PROMPT: Leave the pictures out and print every record below exactly as it stands.
● ● ● ● ●
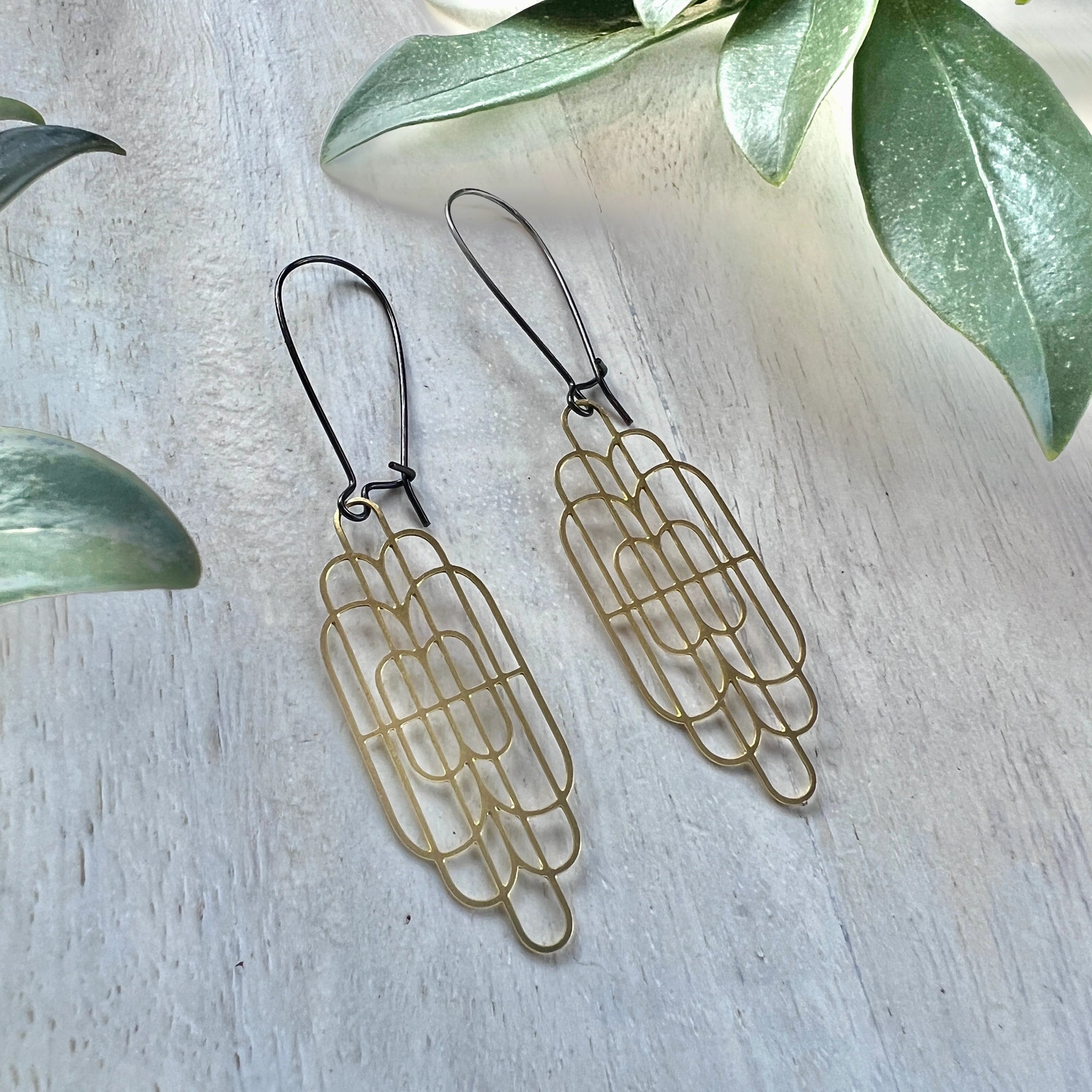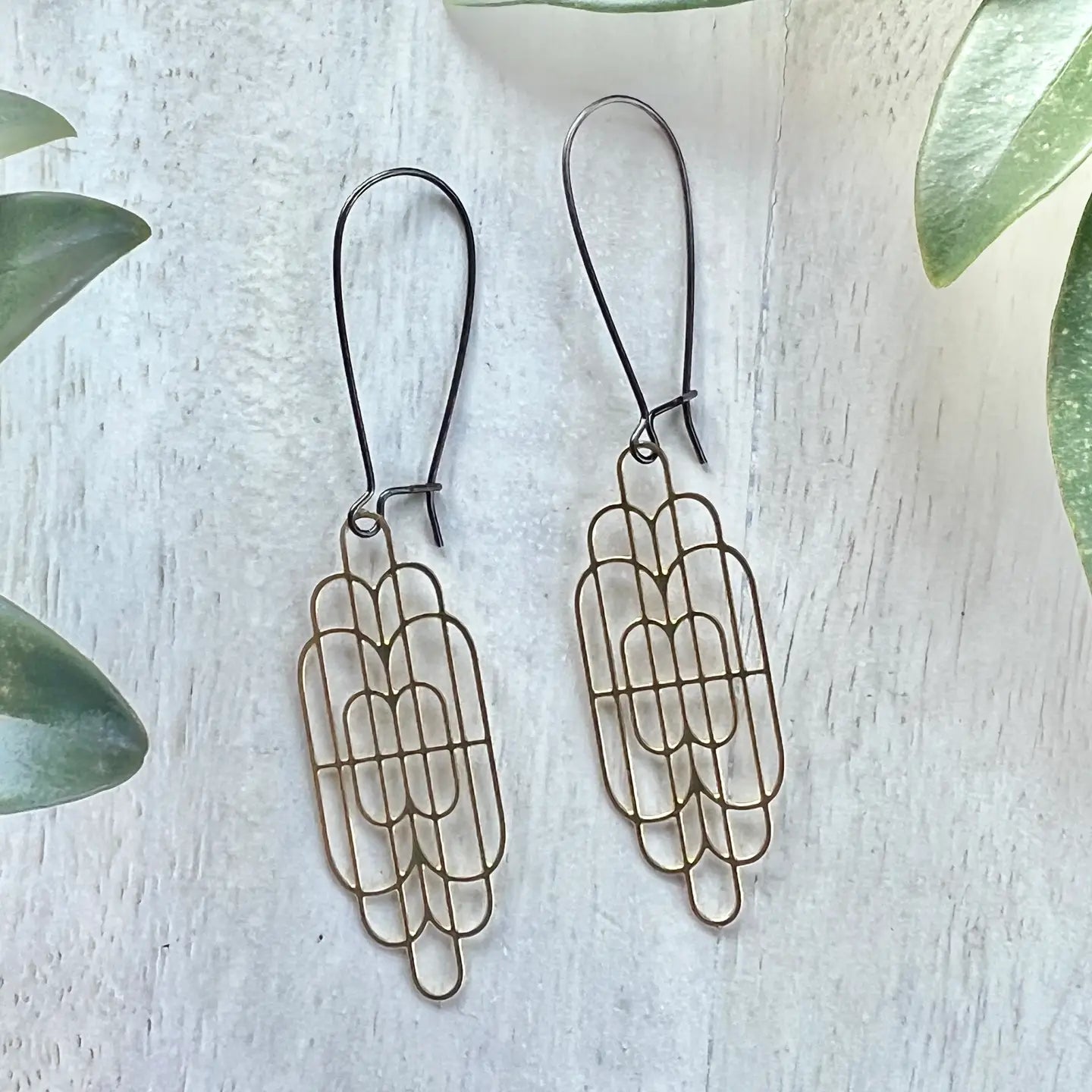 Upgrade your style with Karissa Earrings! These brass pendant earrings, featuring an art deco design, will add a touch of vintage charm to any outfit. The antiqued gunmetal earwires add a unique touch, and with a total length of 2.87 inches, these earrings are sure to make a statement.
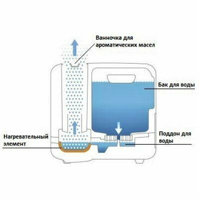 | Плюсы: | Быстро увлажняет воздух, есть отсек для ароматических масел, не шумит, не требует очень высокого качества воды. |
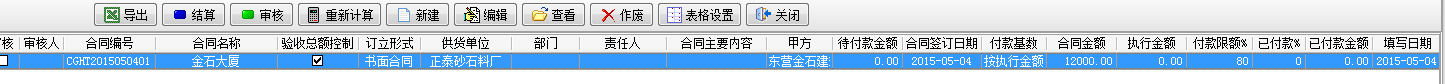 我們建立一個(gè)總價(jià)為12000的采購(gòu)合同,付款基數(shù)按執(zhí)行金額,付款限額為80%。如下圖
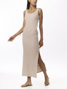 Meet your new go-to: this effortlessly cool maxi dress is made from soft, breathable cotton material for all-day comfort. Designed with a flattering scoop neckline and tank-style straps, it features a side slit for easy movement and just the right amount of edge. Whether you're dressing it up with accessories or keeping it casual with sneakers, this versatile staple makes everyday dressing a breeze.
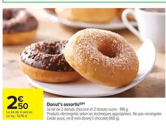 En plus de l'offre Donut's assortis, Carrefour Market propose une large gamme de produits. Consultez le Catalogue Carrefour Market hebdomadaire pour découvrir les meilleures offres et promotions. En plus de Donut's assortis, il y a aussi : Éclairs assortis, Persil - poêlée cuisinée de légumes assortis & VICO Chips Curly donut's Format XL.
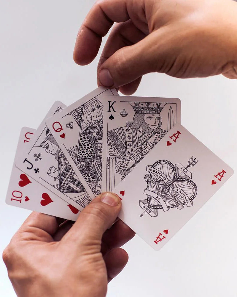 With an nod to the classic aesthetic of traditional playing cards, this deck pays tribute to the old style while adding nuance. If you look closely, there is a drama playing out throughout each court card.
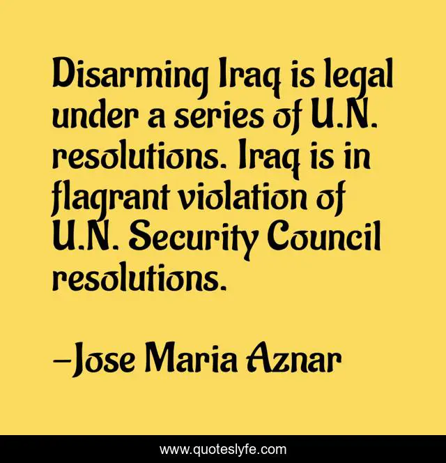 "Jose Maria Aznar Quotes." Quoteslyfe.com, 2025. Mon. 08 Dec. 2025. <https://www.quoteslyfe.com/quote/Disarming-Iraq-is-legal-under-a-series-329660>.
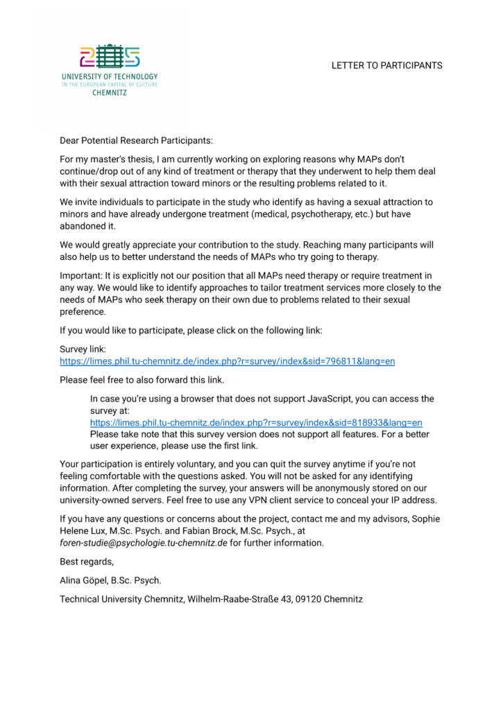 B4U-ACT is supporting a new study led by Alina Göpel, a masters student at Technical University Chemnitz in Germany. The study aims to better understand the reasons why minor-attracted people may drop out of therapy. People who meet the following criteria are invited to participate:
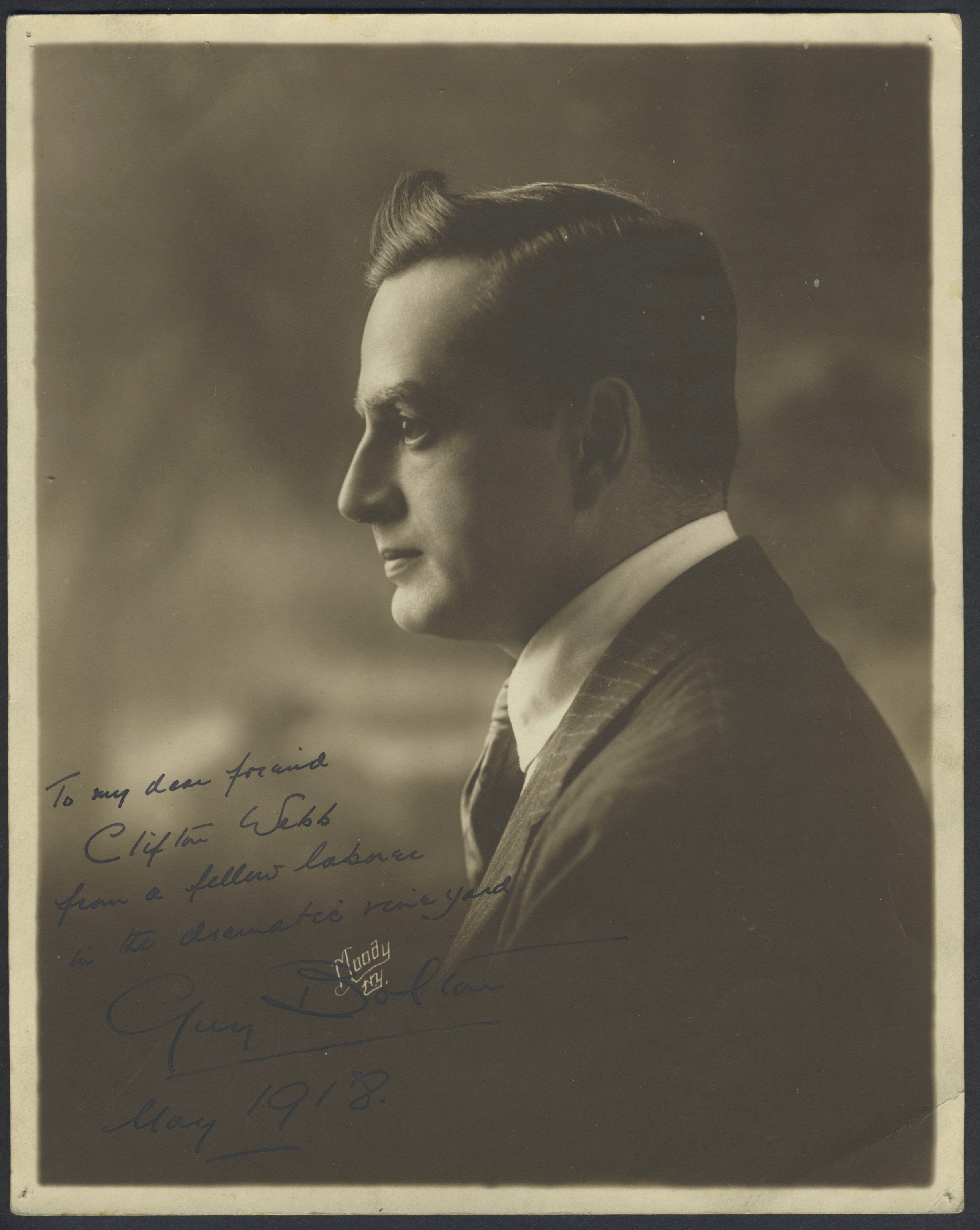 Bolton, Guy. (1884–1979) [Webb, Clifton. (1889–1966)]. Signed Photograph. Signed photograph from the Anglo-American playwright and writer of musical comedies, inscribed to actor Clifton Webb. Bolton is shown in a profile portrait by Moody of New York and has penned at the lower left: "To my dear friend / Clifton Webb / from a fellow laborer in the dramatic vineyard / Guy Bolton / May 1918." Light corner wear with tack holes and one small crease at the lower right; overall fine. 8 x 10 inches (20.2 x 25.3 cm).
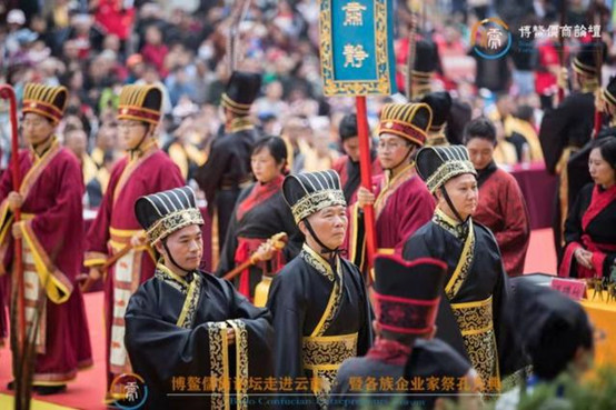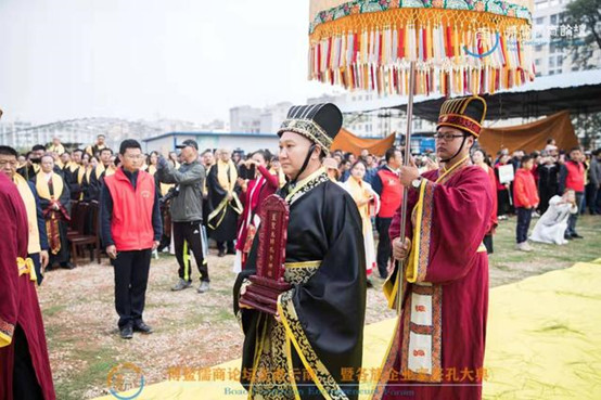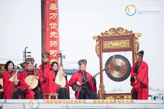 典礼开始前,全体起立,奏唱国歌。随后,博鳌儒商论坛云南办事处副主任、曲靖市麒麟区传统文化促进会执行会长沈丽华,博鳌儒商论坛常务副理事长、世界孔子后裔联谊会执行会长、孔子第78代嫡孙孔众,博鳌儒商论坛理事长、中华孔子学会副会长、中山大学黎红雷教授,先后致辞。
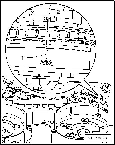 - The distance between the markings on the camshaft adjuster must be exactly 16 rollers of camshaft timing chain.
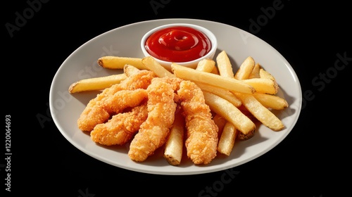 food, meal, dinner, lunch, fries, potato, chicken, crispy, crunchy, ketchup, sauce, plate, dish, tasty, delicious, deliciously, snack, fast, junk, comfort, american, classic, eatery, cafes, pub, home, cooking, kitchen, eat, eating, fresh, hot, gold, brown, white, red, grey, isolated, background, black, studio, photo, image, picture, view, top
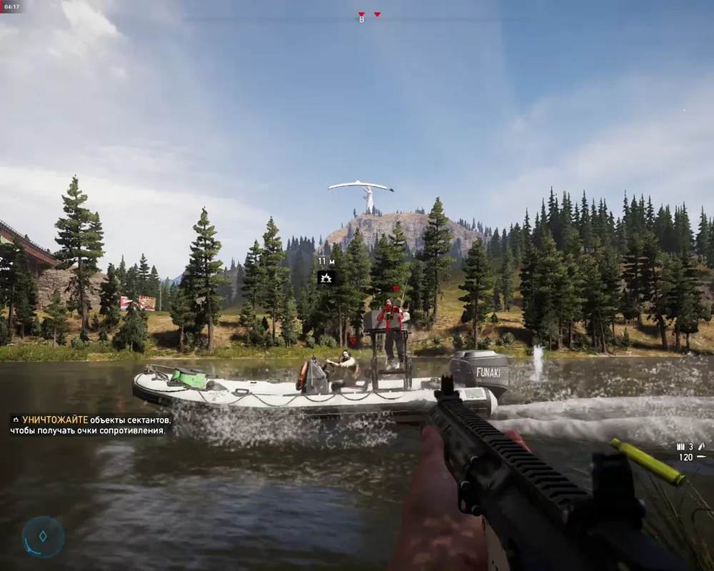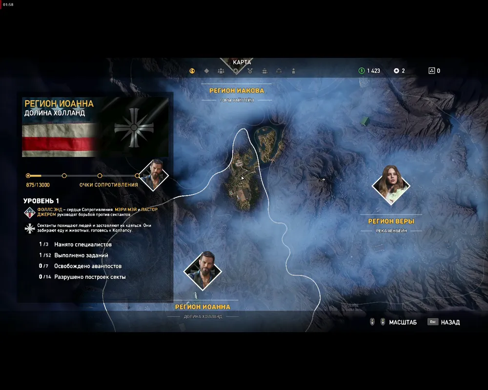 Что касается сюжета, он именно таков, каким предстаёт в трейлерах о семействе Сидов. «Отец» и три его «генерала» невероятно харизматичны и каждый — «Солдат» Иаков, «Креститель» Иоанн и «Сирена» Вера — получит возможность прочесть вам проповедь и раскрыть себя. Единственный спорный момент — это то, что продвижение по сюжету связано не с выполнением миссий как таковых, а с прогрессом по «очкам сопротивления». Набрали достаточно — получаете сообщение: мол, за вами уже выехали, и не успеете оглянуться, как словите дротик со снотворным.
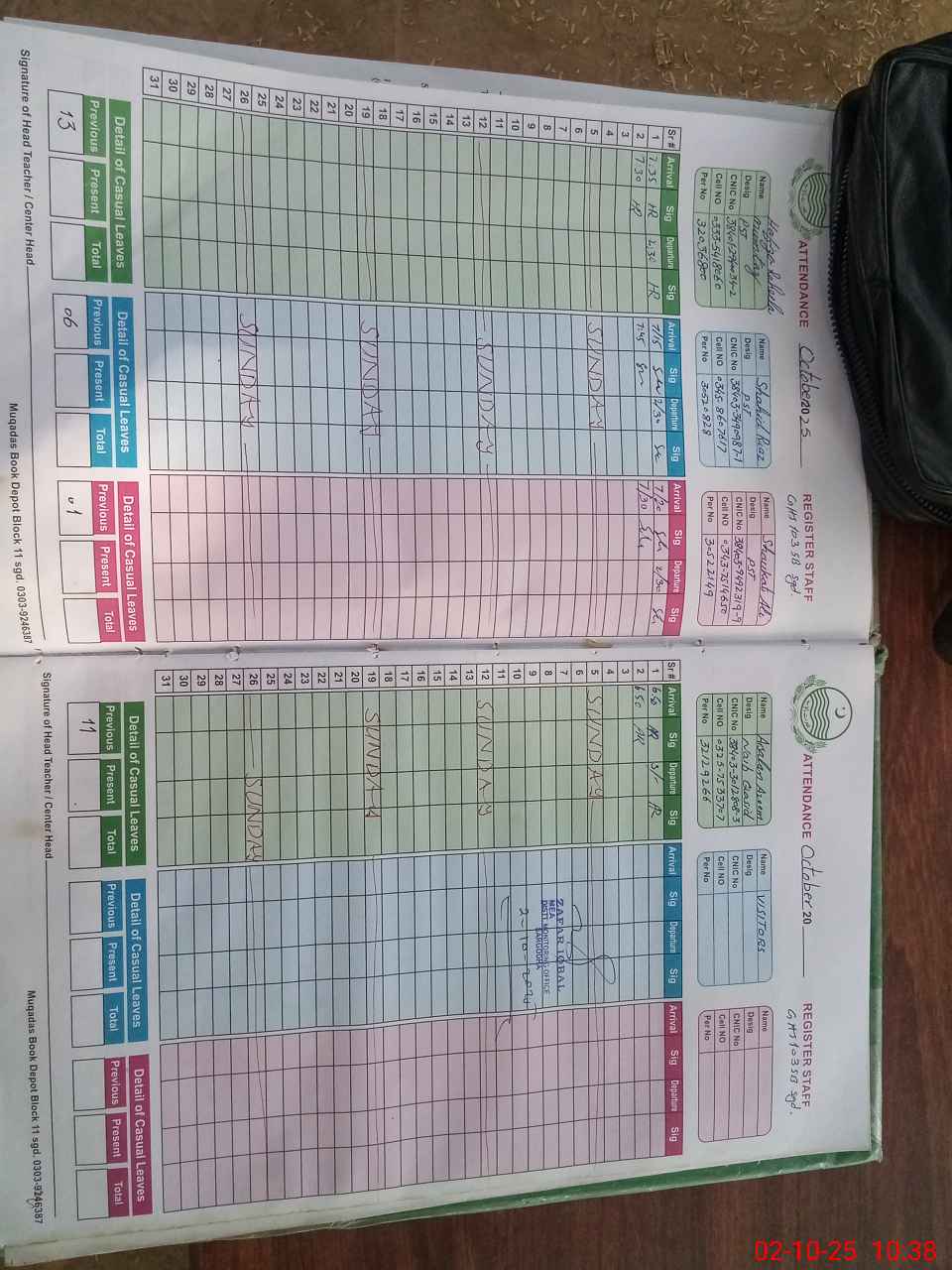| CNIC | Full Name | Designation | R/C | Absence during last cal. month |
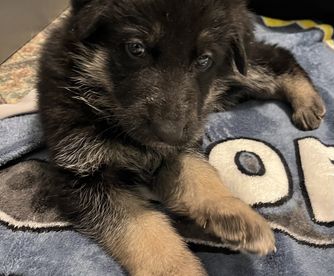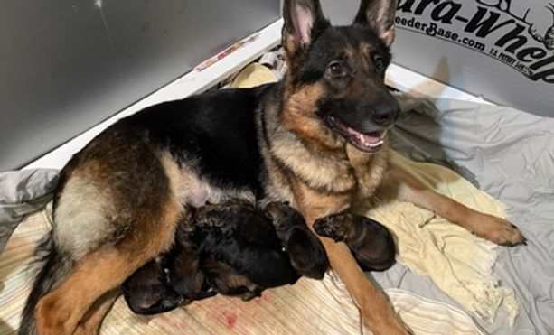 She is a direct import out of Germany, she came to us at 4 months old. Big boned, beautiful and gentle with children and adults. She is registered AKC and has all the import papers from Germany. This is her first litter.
● ● ● ● ●
REPLY:
 Upgrade your style with Karissa Earrings! These brass pendant earrings, featuring an art deco design, will add a touch of vintage charm to any outfit. The antiqued gunmetal earwires add a unique touch, and with a total length of 2.87 inches, these earrings are sure to make a statement.
 | Плюсы: | Быстро увлажняет воздух, есть отсек для ароматических масел, не шумит, не требует очень высокого качества воды. |
 我們建立一個(gè)總價(jià)為12000的采購(gòu)合同,付款基數(shù)按執(zhí)行金額,付款限額為80%。如下圖
 Meet your new go-to: this effortlessly cool maxi dress is made from soft, breathable cotton material for all-day comfort. Designed with a flattering scoop neckline and tank-style straps, it features a side slit for easy movement and just the right amount of edge. Whether you're dressing it up with accessories or keeping it casual with sneakers, this versatile staple makes everyday dressing a breeze.
 En plus de l'offre Donut's assortis, Carrefour Market propose une large gamme de produits. Consultez le Catalogue Carrefour Market hebdomadaire pour découvrir les meilleures offres et promotions. En plus de Donut's assortis, il y a aussi : Éclairs assortis, Persil - poêlée cuisinée de légumes assortis & VICO Chips Curly donut's Format XL.
 With an nod to the classic aesthetic of traditional playing cards, this deck pays tribute to the old style while adding nuance. If you look closely, there is a drama playing out throughout each court card.
 "Jose Maria Aznar Quotes." Quoteslyfe.com, 2025. Mon. 08 Dec. 2025. <https://www.quoteslyfe.com/quote/Disarming-Iraq-is-legal-under-a-series-329660>.
 B4U-ACT is supporting a new study led by Alina Göpel, a masters student at Technical University Chemnitz in Germany. The study aims to better understand the reasons why minor-attracted people may drop out of therapy. People who meet the following criteria are invited to participate:
 Bolton, Guy. (1884–1979) [Webb, Clifton. (1889–1966)]. Signed Photograph. Signed photograph from the Anglo-American playwright and writer of musical comedies, inscribed to actor Clifton Webb. Bolton is shown in a profile portrait by Moody of New York and has penned at the lower left: "To my dear friend / Clifton Webb / from a fellow laborer in the dramatic vineyard / Guy Bolton / May 1918." Light corner wear with tack holes and one small crease at the lower right; overall fine. 8 x 10 inches (20.2 x 25.3 cm).
 典礼开始前,全体起立,奏唱国歌。随后,博鳌儒商论坛云南办事处副主任、曲靖市麒麟区传统文化促进会执行会长沈丽华,博鳌儒商论坛常务副理事长、世界孔子后裔联谊会执行会长、孔子第78代嫡孙孔众,博鳌儒商论坛理事长、中华孔子学会副会长、中山大学黎红雷教授,先后致辞。
 - The distance between the markings on the camshaft adjuster must be exactly 16 rollers of camshaft timing chain.
 food, meal, dinner, lunch, fries, potato, chicken, crispy, crunchy, ketchup, sauce, plate, dish, tasty, delicious, deliciously, snack, fast, junk, comfort, american, classic, eatery, cafes, pub, home, cooking, kitchen, eat, eating, fresh, hot, gold, brown, white, red, grey, isolated, background, black, studio, photo, image, picture, view, top
 Что касается сюжета, он именно таков, каким предстаёт в трейлерах о семействе Сидов. «Отец» и три его «генерала» невероятно харизматичны и каждый — «Солдат» Иаков, «Креститель» Иоанн и «Сирена» Вера — получит возможность прочесть вам проповедь и раскрыть себя. Единственный спорный момент — это то, что продвижение по сюжету связано не с выполнением миссий как таковых, а с прогрессом по «очкам сопротивления». Набрали достаточно — получаете сообщение: мол, за вами уже выехали, и не успеете оглянуться, как словите дротик со снотворным.
| CNIC | Full Name | Designation | R/C | Absence during last cal. month |
 She is a direct import out of Germany, she came to us at 4 months old. Big boned, beautiful and gentle with children and adults. She is registered AKC and has all the import papers from Germany. This is her first litter.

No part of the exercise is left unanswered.